**Problem description:**
From the listing below, output only the lines starting at the line that has "Zapatillas de la" and ending at the line that has "泌尿系结石病包括肾结石、输尿", exactly as they appear, ends included.

**Exercise inputs:**
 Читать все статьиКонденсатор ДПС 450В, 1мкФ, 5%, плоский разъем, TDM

---

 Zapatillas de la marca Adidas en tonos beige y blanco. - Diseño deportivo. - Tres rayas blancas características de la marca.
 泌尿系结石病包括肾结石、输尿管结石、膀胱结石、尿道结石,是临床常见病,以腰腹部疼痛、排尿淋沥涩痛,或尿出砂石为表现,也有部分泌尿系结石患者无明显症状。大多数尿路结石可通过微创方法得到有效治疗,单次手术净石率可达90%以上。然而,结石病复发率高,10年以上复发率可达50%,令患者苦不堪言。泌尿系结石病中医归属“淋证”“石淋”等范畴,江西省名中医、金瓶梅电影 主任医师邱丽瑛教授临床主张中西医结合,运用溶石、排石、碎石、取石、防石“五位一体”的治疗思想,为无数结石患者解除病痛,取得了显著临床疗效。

**Completed task:**
 Zapatillas de la marca Adidas en tonos beige y blanco. - Diseño deportivo. - Tres rayas blancas características de la marca.
 泌尿系结石病包括肾结石、输尿管结石、膀胱结石、尿道结石,是临床常见病,以腰腹部疼痛、排尿淋沥涩痛,或尿出砂石为表现,也有部分泌尿系结石患者无明显症状。大多数尿路结石可通过微创方法得到有效治疗,单次手术净石率可达90%以上。然而,结石病复发率高,10年以上复发率可达50%,令患者苦不堪言。泌尿系结石病中医归属“淋证”“石淋”等范畴,江西省名中医、金瓶梅电影 主任医师邱丽瑛教授临床主张中西医结合,运用溶石、排石、碎石、取石、防石“五位一体”的治疗思想,为无数结石患者解除病痛,取得了显著临床疗效。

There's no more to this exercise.